Anyway, just my thoughts.

On Mon, 27 Nov 2000 [email protected] wrote:

> Date: Mon, 27 Nov 2000 10:14:43 +0000
> From: [email protected]
> To: [email protected]
> Subject: Limits of reliability or is 99.999999999% realistic
> SLAs are the point where commercial & operational worlds collide. The numbers
> being offered should:
> Reflect the targeted quality of the service
> Tie in with meaningful damages for not achieving them
> In a market where I can offer 99.7% or 100% and the difference is a whole day's
> service credit, I know what I'd be offering. No question.
> If on the other hand, the expectation is that I pay out a year's contract value
> in cash upfront every time I miss a target in a month, then I'd only want to
> offer a target that will *always* be achieved.
> In the market at the moment, the situation is much closer to the first scenario
> than the second - ie damages for SLAs do not mean anything to either:
> the buyer, as compensation for not receiving the service that they have
> contracted for;
> or
> the seller as a motivation to work within the targets, because capped service
> credit agreements do not touch the bottom line
> Today, in the IP market, it is irrelevant whether services come with 99.0 or
> 99.99999 SLAs & at some point the market needs to address the responsibility
> that if they are to offer a service of a certain "guaranteed" quality, then they
> should stand-by that guarantee with their money and give this guarantee meaning.
> I don't think this is the case at the moment, and that's why we even see 100%
> SLA in the market - because the level of pay-outs on SLAs don't matter to the
> seller.
> No. I'm not suggesting that sellers offer guarantees for consequential losses.
> Simply ones that:
> 1. give the buyer the peace of mind that if the service they've contracted to is
> below par, that they will have enough money put back in their pocket for them to
> have replaced their service, like-for-like in the market, to cover themselves
> over the period.
> 2. enable the market players to truly differentiate their service offerings by
> quality, rather than marketing.
> Toby
> [std. disclaimer of responsiblity here]

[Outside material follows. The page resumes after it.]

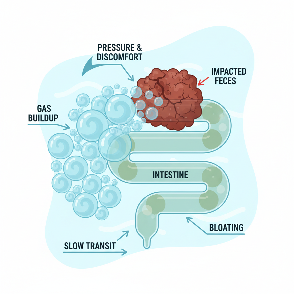 - 변비: 대변이 장에 오래 머물며 부패 가스를 지속적으로 방출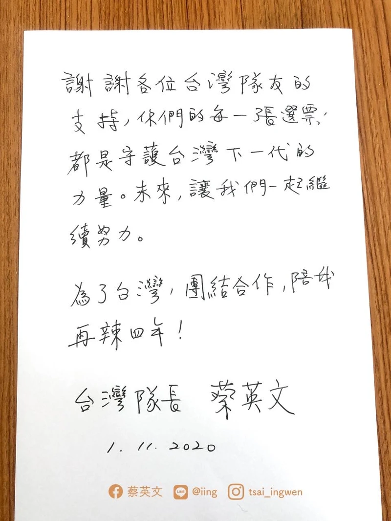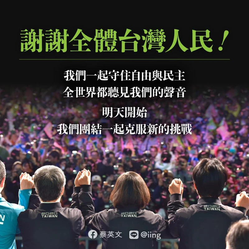 再一次謝謝全體台灣人民。今天,我們守住了民主自由。明天開始,讓我們團結在一起,一起克服所有挑戰,一起克服所有困難。

> Date: 25 Nov 2000 20:24:48 -0800
> From: Sean Donelan <[email protected]>
> Subject: Limits of reliability or is 99.999999999% realistic
> <snipped for brevity>
> But back to my question.  What is the real requirement?  Amazon.COM had
> system problems on Friday, and their site was unusuable for 30 minutes,
> definitely not 99.999%.  But what did that really mean?  The FAA loses
> its radar for several hours in various parts of the country.  What did
> that really mean?  Essentially every system given as an example of "high-
> availability, high-reliability" I've looked at, doesn't hold up under
> close examination.
> Is 99.999% just F.U.D. created by consultants?
> Instead of pretending we can build systems which will never fail, should
> we work on a realistic understanding of what can be delivered?